The professors have been selected as finalists for an international design competition to create the Oklahoma City Memorial, a memorial to the victims of the April 19, 1995 bombing at the Alfred P. Murrah Federal Building in Oklahoma City.
The ISU team of Susan Herrington, assistant professor of landscape architecture, and Mark Stankard, assistant professor of architecture, is one of five finalists.
Finalists were selected from all over the world including teams from Texas, New York, Germany, Illinois and Iowa.
The professors’ design was “a real collaborative effort,” Herrington said. Before designing could begin, Herrington said, team members had to research Oklahoma and the bombing, which Stankard worked on.
Herrington and Stankard’s final design proposal creates several experiences from the bombing to appear at the memorial site.
One area of the design features sidewalks with a surface display of quotes from those who survived the bombing.
Also included in Herrington and Stankard’s plan is a children’s play garden.
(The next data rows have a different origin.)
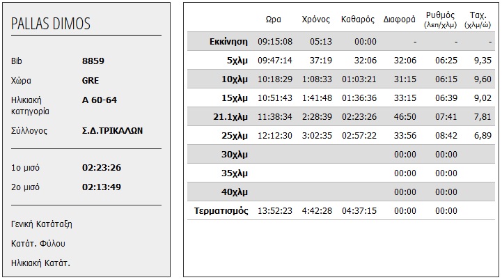 | 8859 | PALLAS DIMOS | 2:23:26 | 4:37:15 |
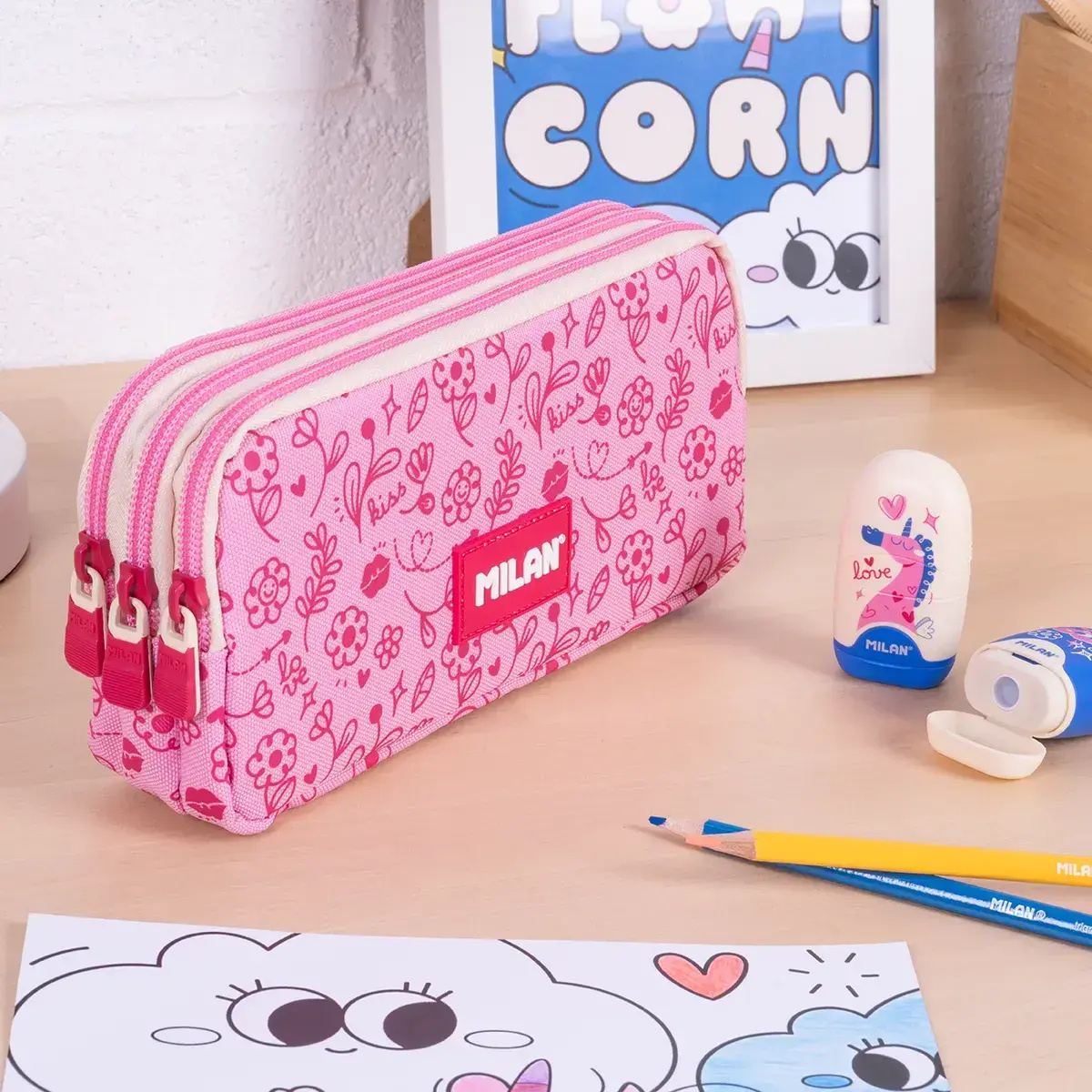 Puzdro na perá MILAN 3-zipsové - séria FlowiCorn
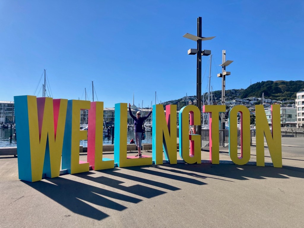 The man in red waved from the last float and we grabbed our stuff and wandered outside, me looking from map to reality. I’m a sucker for a sea view so the City to Sea Bridge beckoned. We watched an Interislander ferry, possibly the one we would be on in a week’s time, slide across the water, and wondered where the harbour entrance was – all we could see was water bouncing in a huge bowl of harbour, no open sea. We climbed the steps with a light wind pulling at my hair, wafting a vague sea smell into my nostrils. Neil’s arm snaked around me and I felt at home. I could live here, I said. He nodded. We’d been in Wellington less than twenty-four hours.
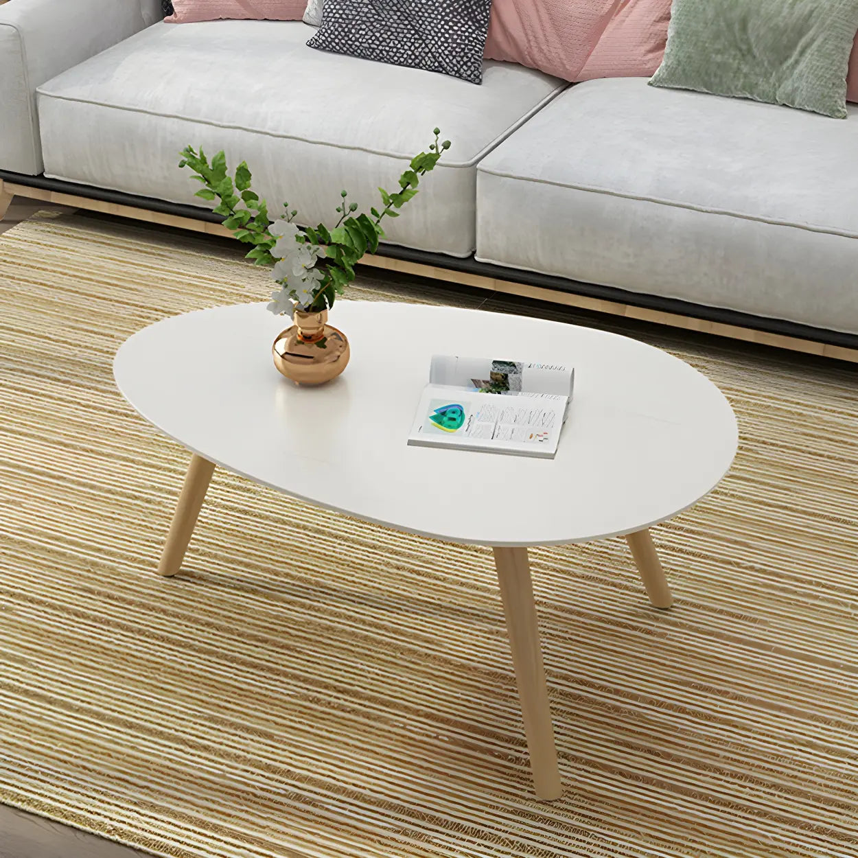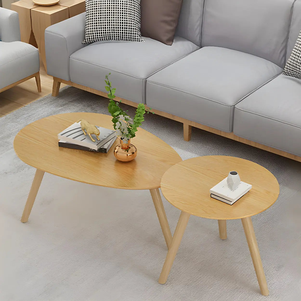 Natural Wood Oval Round Three Leg Bunching Coffee Table

The garden would contain 19 types of trees that together form a large circle.
Herrington said the different types of trees were chosen to commemorate each of the 19 children killed in the bombing.
In the plan, the circle of trees surrounds a spiral garden where children could play. A tree stands alone in a clearing, and poses as a resilient stage of hope, Herrington said. Other memorials would be incorporated.
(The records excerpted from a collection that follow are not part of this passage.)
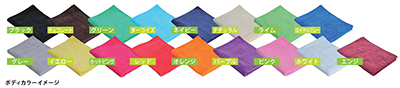 本体の色は、ブラック・チョコレート・グリーン・グレー・イエロー・ホットピンク・ターコイズ・ネイビー・ナチュラル・レッド・オレンジ・パープル・ライム・ロイヤルブルー・ピンク・ホワイト・エンジの17色。
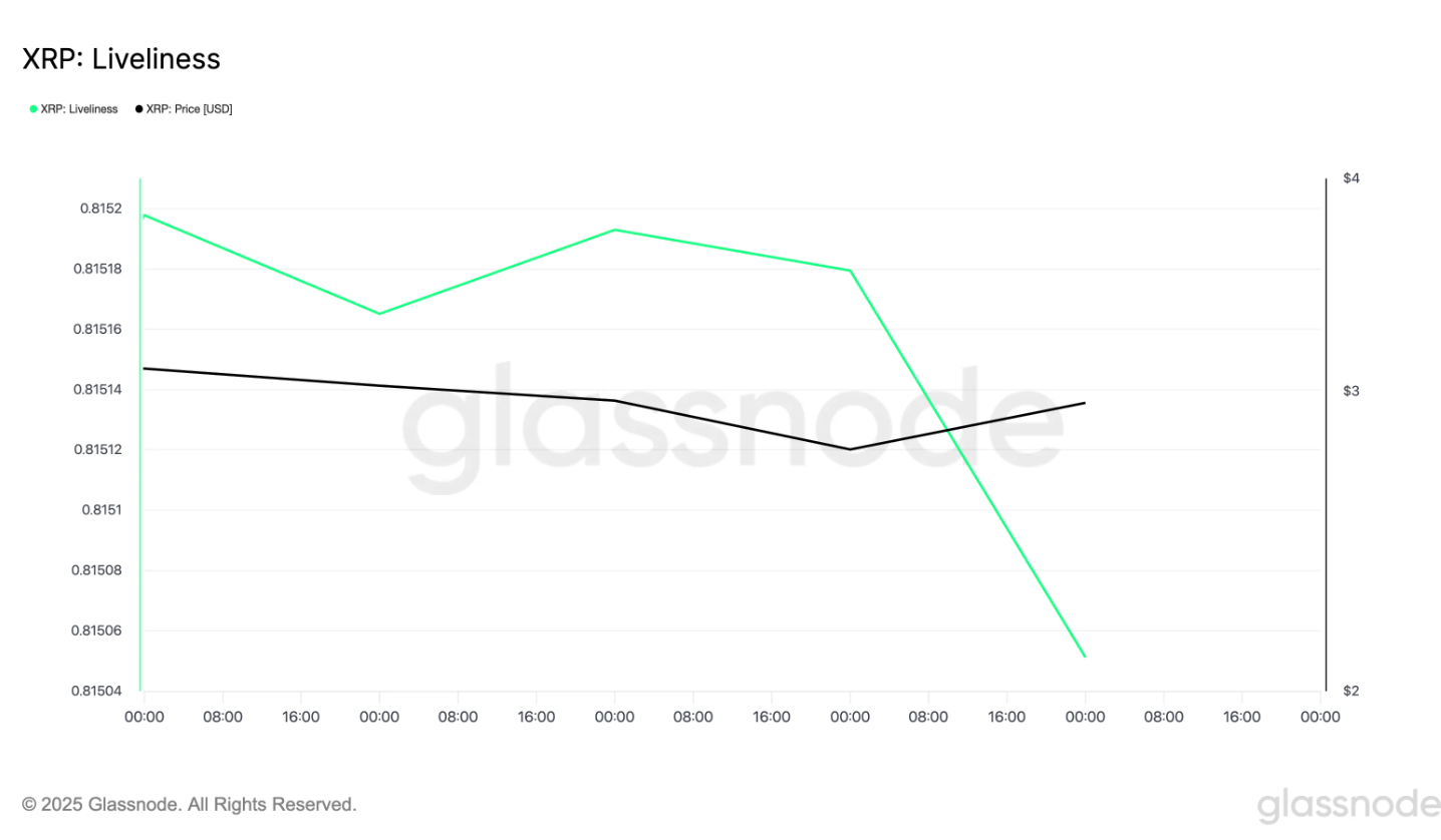 XRP за 24 часа вырос на 5%, временно избавившись от нисходящего давления на прошлой неделе. Данные в блокчейне показывают, что текущая отдача имеет специфическую поддержку активов: Соотношение лонгов и шортов (Taker Buy/Sell Ratio) впервые с 10 июля закрылось в положительной зоне, что указывает на значительное ослабление продаж на рынке производных; Активность держателей (Liveliness) продолжает снижаться с начала августа (3 августа составила 0,8150), что указывает на то, что долгосрочные держатели (LTH) завершили фиксацию прибыли и вернулись к накоплению (Accumulation Mode). Технический анализ показывает, что если XRP сможет удержаться выше психологической отметки в 3 доллара, он сможет атаковать уровень сопротивления в 3,22 доллара; в противном случае, если атака не удастся, возможно снижение к поддержке в 2,87 доллара.
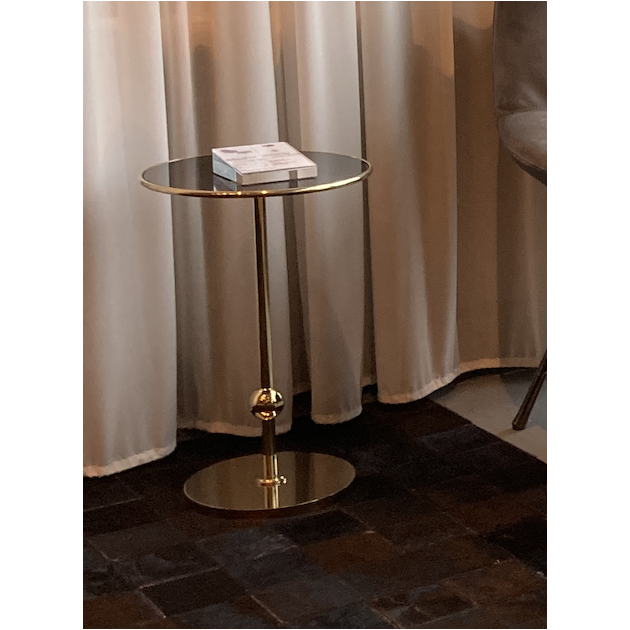 GU-GU side table, as shown, black glass top with a gold plated stainless steel stand.

Officials in charge of the memorial foundation said their goal is to create a memorial that will keep the memories of those killed alive forever.
“The common thread throughout is that each of the selected entries creates a place of remembrance that is timeless, not just an icon whose meaning and importance diminishes as memories fade,” an Oklahoma City Memorial Foundation spokesman said.
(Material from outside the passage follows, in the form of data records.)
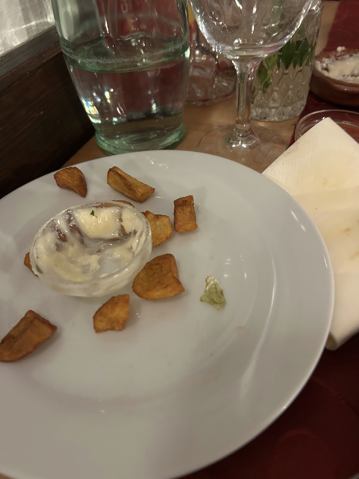 Negativ: Das Brot kam schnell, aber unterstützt leider das Bild des Ambientes: lieblos. Eher Aufback Baguette, das aufgeschnitten wurde. Was für mich ein absolutes no go ist, ist, dass die einzelnen Tapas alle mit großem zeitlichem Abstand nacheinander zum Platz kommen. So kam beispielsweise bei uns das Fleisch als erstes, dann nach circa 5 Minuten eine weitere Tapas Speise und so weiter. Das ist total blöd, denn das schöne am Tapas Essen ist für mich, dass man von allem ein wenig nehmen kann. Wir haben dann gewartet, bis zumindest fast alles am Platz war und bis dahin war das Fleisch schon wieder kalt. Das ist auch ehrlich gesagt das erste Mal, dass ich das so erlebt habe beim Tapas essen. Ich finde dann warte ich lieber länger und habe dann das gesamte Essen auf einmal am Platz. Das Fleisch hatte außerdem sehr schlechte Qualität. Einzelne Stücke am Rinderspieß waren noch roh (siehe Bild). Ich mag wirklich gerne Medium, aber das war schon weit darunter. Im Gegensatz dazu waren andere Stücke so knorpelig, dass wir das Fleisch ausspucken mussten. Die Hackbällchen waren viel zu stark angebraten. Sie waren hart von außen und im Inneren Trocken. Die Sauce hat uns auch nicht so geschmeckt. Die Pilze waren zwar lecker, aber so voller Knoblauch, dass es uns fast umgehauen hat. Wir sind beide wirkliche Knoblauchliebhaber, aber da waren ganze Stücke vom Knoblauch grob geschnitten drin. Etwas übertrieben finde ich. Die grünen Paprikas hingegen waren sehr lecker, ebenso wie die Kartoffelecken mit Aioli. Allerdings war bei mir im Aoili etwas nicht identifizierbares durchsichtiges (siehe Bild). Ich hoffe einfach, dass das Ei Reste sind und kein Plastik. Was man allerdings wirklich hervorheben muss ist, dass das preislich eher günstig für die großen Mengen ist.
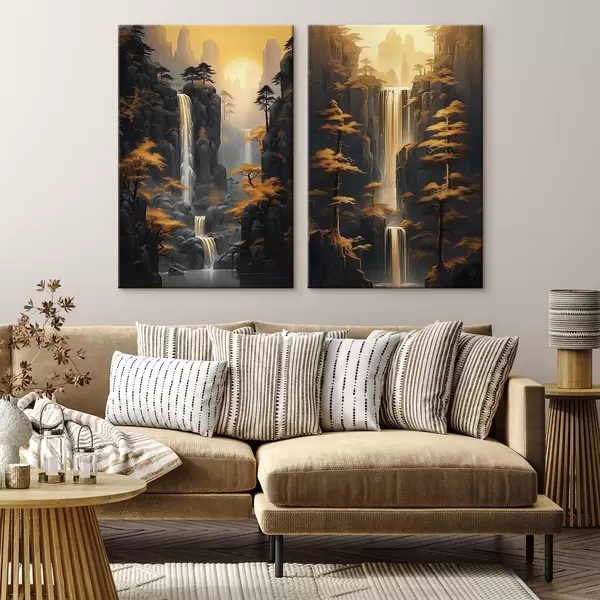 Tableau Paysage avec cascade et montagnes baignés d'une lumière dorée Nr m00928
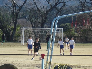 3年生 昼休みのサッカー 2019年12月16日 13時14分 [宝達志水町立押水第一小学校] 12月16日(月)初冬とは思えないくらいの好天に恵まれた今日,3年生の男女がグラウンドでサッカーをしていました。特に女子は,半袖,ハーフパンツの夏の姿です。本当に元気です。
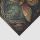A haunting image of a beautiful butterfly with ornate scrollwork all around and a gorgeous landscape backdrop.
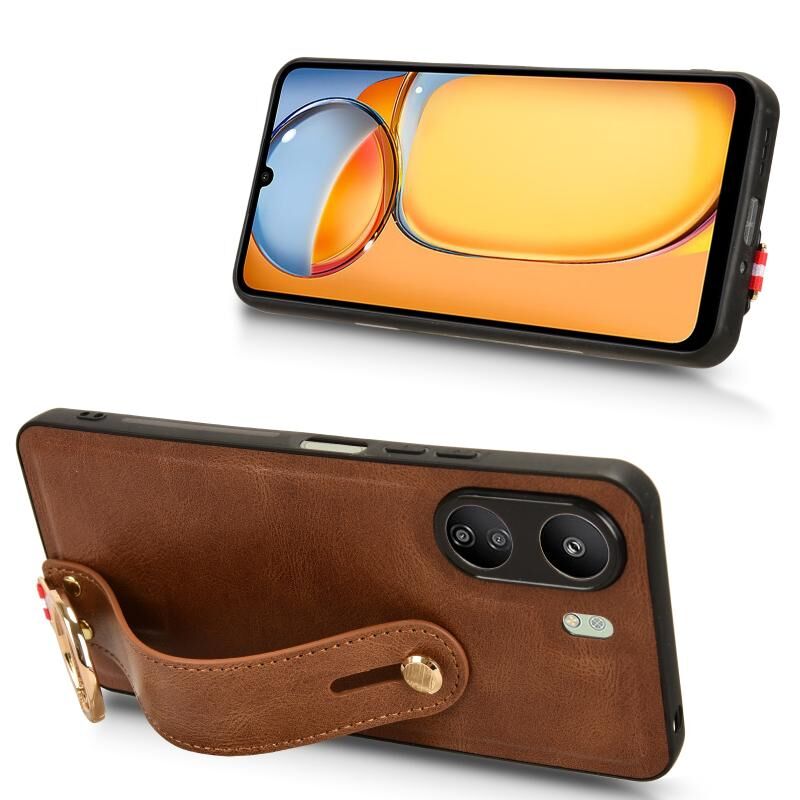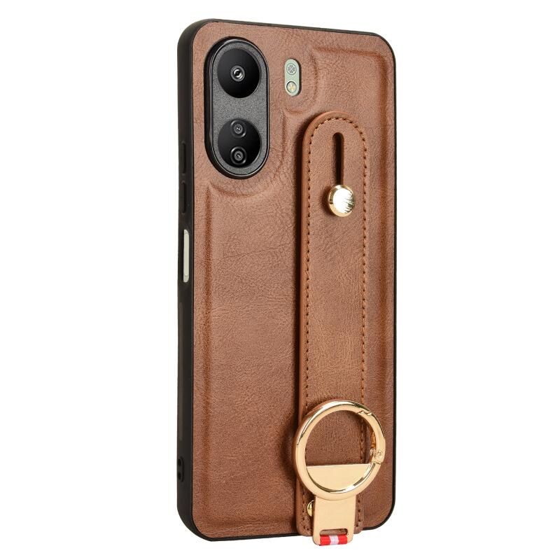 Για Xiaomi Redmi 13C 4G/Poco C65 Wristband δέρμα πίσω υπόθεση τηλεφώνου (καφέ)
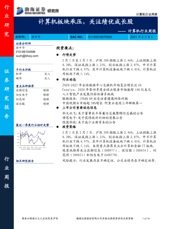 【渤海证券】【20210208】20210208-渤海证券-计算机行业周报:计算机板块承压,关注绩优成长股-16页

Herrington’s emphasis in landscape architecture has been with children’s gardens and day care centers, which is one reason why the bombing and the competition interested her, she said.
“We’re very proud of their work,” said Steve Sullivan, acting manager of ISU News Service.
Herrington earned her bachelor of landscape architecture degree in 1986 from the State University of New York in Syracuse. She later received her master of landscape architecture degree from Harvard in 1991.
Stankard received his bachelor of architecture in 1980 from the University of Notre Dame.
In 1985, he was an exchange scholar in the Ph.D. program at Princeton University. In 1987, he earned his master’s degree from Cornell University.